Trois-Rivières AirportOral Questions

2:50 p.m.

Bloc

Paule Brunelle Bloc Trois-Rivières, QC

Mr. Speaker, the City of Trois-Rivières has attempted to obtain funding from the federal government on several occasions in order to lengthen the airport runway. Unfortunately, the Minister of Transport, Infrastructure and Communities is refusing once again to adapt the criteria of the ACAP program to community needs.

In view of the intransigence of the Minister of Transport, Infrastructure and Communities, is the Minister of the Economic Development Agency of Canada for the Regions of Quebec prepared to help the City of Trois-Rivières improve its airport infrastructure, just as he did for the Alma airport in his riding?

Trois-Rivières AirportOral Questions

2:50 p.m.

Pontiac Québec

Conservative

Lawrence Cannon ConservativeMinister of Transport

Mr. Speaker, I thank my honourable colleague. I have met on two occasions with the mayor of Trois-Rivières and individuals employed in economic development in the Trois-Rivières area to discuss this matter. I told the mayor that we would review a certain number of programs.

When I am in a position to make announcements, I will do so. Naturally, the member will also be consulted and informed of the decision.

AgricultureOral Questions

2:55 p.m.

Liberal

Wayne Easter Liberal Malpeque, PE

Mr. Speaker, earlier the Minister of Agriculture parliamentary secretary's failed to answer the question on providing any legal opinion supporting his actions to use regulations to undermine the Canadian Wheat Board.

Will the parliamentary secretary confirm that justice officials warned against using regulations in his attempt to undermine the board, or is the government just flaunting the law? Further, is the minister now prepared to compensate producers for losses that occur as a result of the government's actions?

AgricultureOral Questions

2:55 p.m.

Cypress Hills—Grasslands Saskatchewan

Conservative

David Anderson ConservativeParliamentary Secretary to the Minister for the Canadian Wheat Board

Mr. Speaker, the member knows full well that the minister has acted as fully as he can. Barley producers look forward to August 1.

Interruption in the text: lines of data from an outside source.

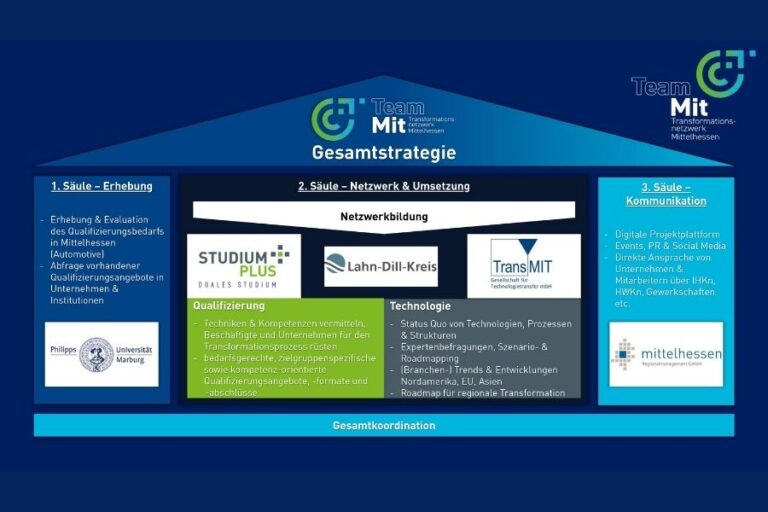 Die Automobilindustrie steht vor einem tiefgreifenden Wandel: Elektrifizierung, Digitalisierung, neue Mobilitätskonzepte und veränderte Marktstrukturen prägen die Zukunft der Branche. Auch in Mittelhessen sind die Auswirkungen deutlich spürbar. Mit TeamMit, dem Transformationsnetzwerk für die Automobilindustrie in Mittelhessen, wird dieser Wandel aktiv gestaltet. Das Projekt bringt Unternehmen, Institutionen und Akteure zusammen, um gemeinsam nachhaltige Strategien, Technologien und Qualifizierungslösungen zu entwickeln.
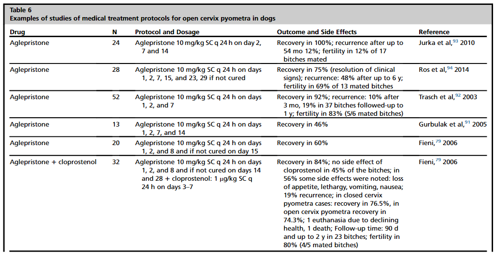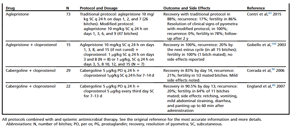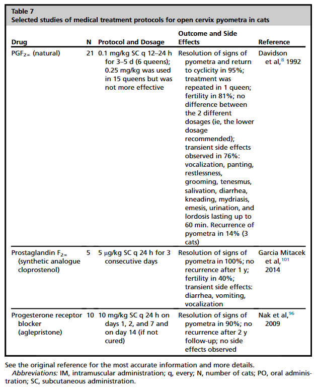 고양이에서 내과적 자궁축농증 치료 프로토콜은 다음과 같다.
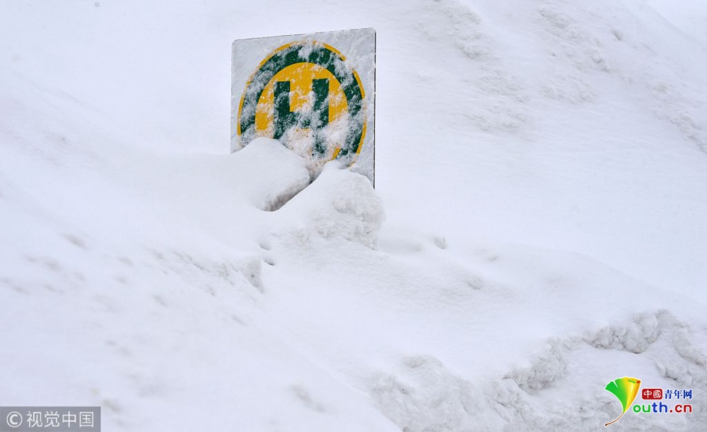 奧地利暴風(fēng)雪持續(xù) 公交車(chē)站被積雪掩埋

The member has consistently sided with the huge malting companies against western Canadian producers. Barley prices have gone up 20% in the last 10 days. He is trying to take that away from farmers. The real question we should ask is, why?

JusticeOral Questions

2:55 p.m.

Conservative

Joy Smith Conservative Kildonan—St. Paul, MB

Mr. Speaker, our government has taken action to increase the level of safety for vulnerable people in our society. We have brought forward legislation increasing the age of sexual consent from 14 to 16. We established a federal ombudsman for victims of crime. We eliminated the use of house arrest for people who commit serious crimes.

Could the Parliamentary Secretary to the Minister of Citizenship and Immigration say what action our government is taking to further assist victims of human trafficking who have come to Canada from abroad?